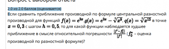Если сравнить приближение производной по формуле центральной разностной производной для функций , , в точке с шагом , то для какой функции наблюдается худшее приближение в смысле относительной погрешности ( – оценка производной по разностной формуле)?
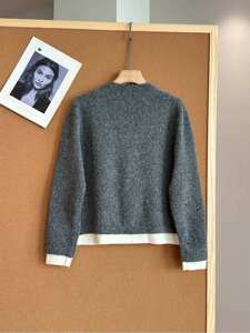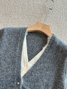 25秋季新款女士极简风V领蕾丝花边羊毛假两件开衫针织衫0901t4
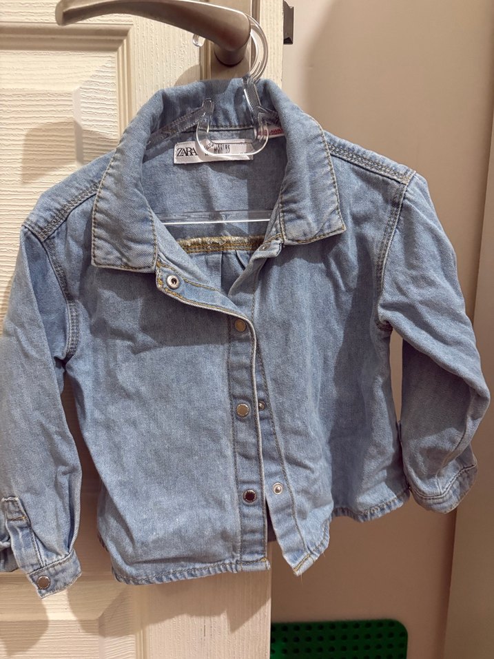 Düğmeli ön, uzun kollu ve kesik yakalı bebek mavi denim gömlek. Salaş kesim ve midi boyda, günlük sokak stiline uygun. Tek renk, rahat kullanım için ideal.
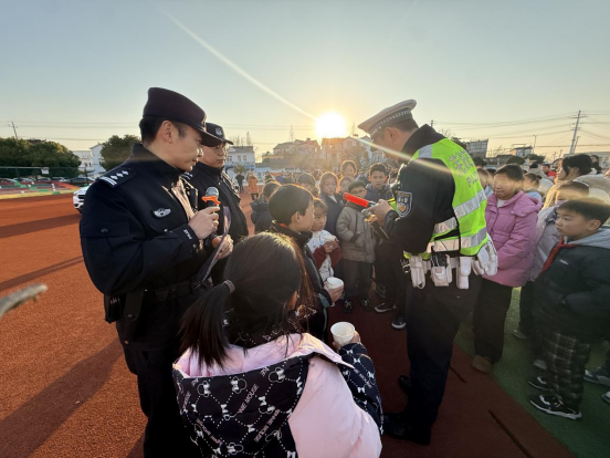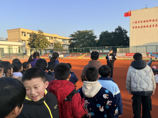 活动现场还设置了互动环节,毕磊和同事们为积极参与的同学们准备了印有反诈标语的小礼品,将现场气氛推向高潮。夕阳的余晖下,师生们与民警们合影留念,手中的标语牌"祝警察叔叔节日快乐"传递着最真挚的祝福。
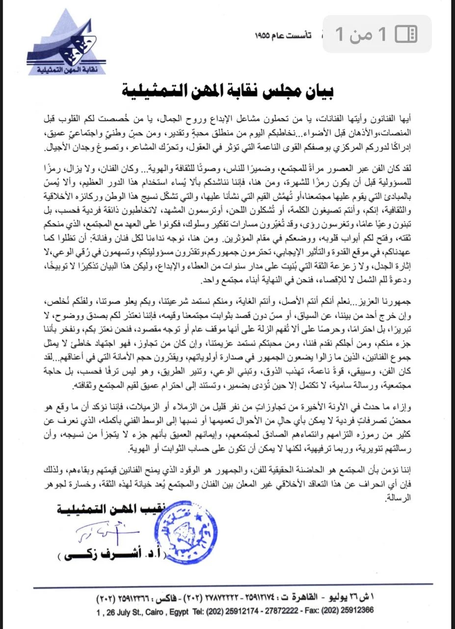 وأصدر مجلس النقابة في وقت لاحقاً بياناً وجهه إلى “الفنانين والفنانات” محذراً إياهم من إساءة استخدام دور الفنان وشهرته.
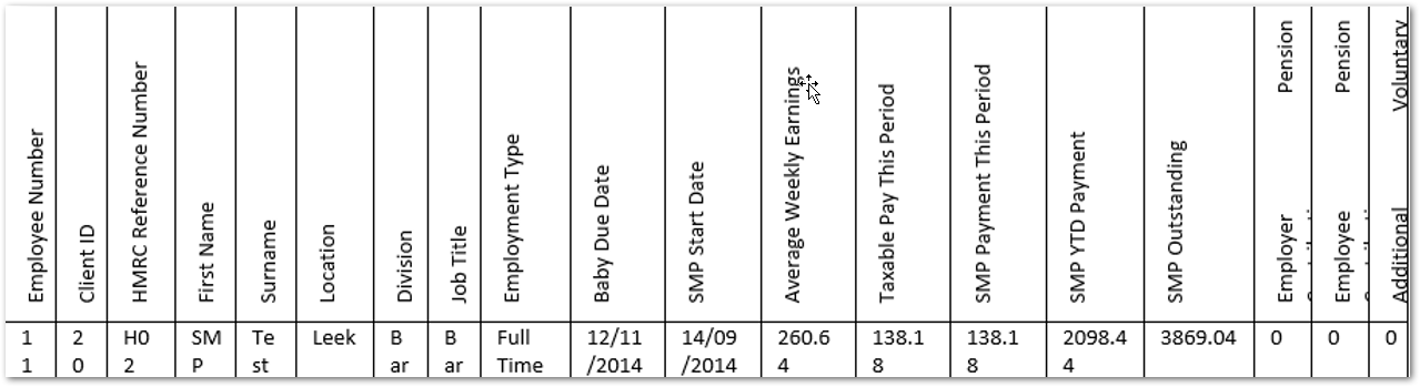 The export displays how much SMP has been paid in the selected Pay Basis/Run and how much is still outstanding. Pension contributions are also displayed.
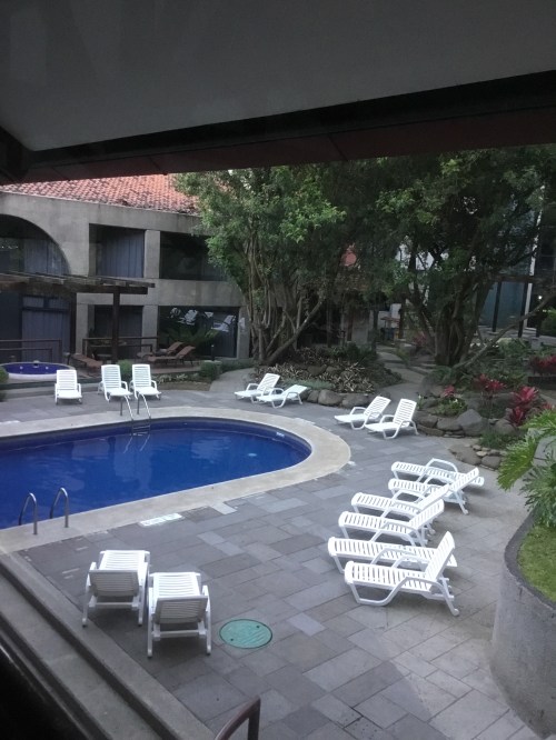 We are transiting to San Jose today. As we are going west we gain an hour. We were up early this morning to get to Santa Marta airport for our flight to Bogota the on to San Jose. We shared our bus with Claire, Becky and Roseanna. We had a pretty uneventful couple of flights (we upgraded to business Bogota to San Jose) to San Jose. The city is a different environment to Bogota. We are staying at the Radisson which has beautiful grounds and hot water – we have now had two hot showers after almost 2 weeks of no hot water.
━━━━━━━━━━
AIM OF THE EXERCISE>
A faithful, complete copy of the records above is required, one that contains no pictures.

REPLY>
Если сравнить приближение производной по формуле центральной разностной производной для функций , , в точке с шагом , то для какой функции наблюдается худшее приближение в смысле относительной погрешности ( – оценка производной по разностной формуле)?
 25秋季新款女士极简风V领蕾丝花边羊毛假两件开衫针织衫0901t4
 Düğmeli ön, uzun kollu ve kesik yakalı bebek mavi denim gömlek. Salaş kesim ve midi boyda, günlük sokak stiline uygun. Tek renk, rahat kullanım için ideal.
 活动现场还设置了互动环节,毕磊和同事们为积极参与的同学们准备了印有反诈标语的小礼品,将现场气氛推向高潮。夕阳的余晖下,师生们与民警们合影留念,手中的标语牌"祝警察叔叔节日快乐"传递着最真挚的祝福。
 وأصدر مجلس النقابة في وقت لاحقاً بياناً وجهه إلى “الفنانين والفنانات” محذراً إياهم من إساءة استخدام دور الفنان وشهرته.
 The export displays how much SMP has been paid in the selected Pay Basis/Run and how much is still outstanding. Pension contributions are also displayed.
 We are transiting to San Jose today. As we are going west we gain an hour. We were up early this morning to get to Santa Marta airport for our flight to Bogota the on to San Jose. We shared our bus with Claire, Becky and Roseanna. We had a pretty uneventful couple of flights (we upgraded to business Bogota to San Jose) to San Jose. The city is a different environment to Bogota. We are staying at the Radisson which has beautiful grounds and hot water – we have now had two hot showers after almost 2 weeks of no hot water.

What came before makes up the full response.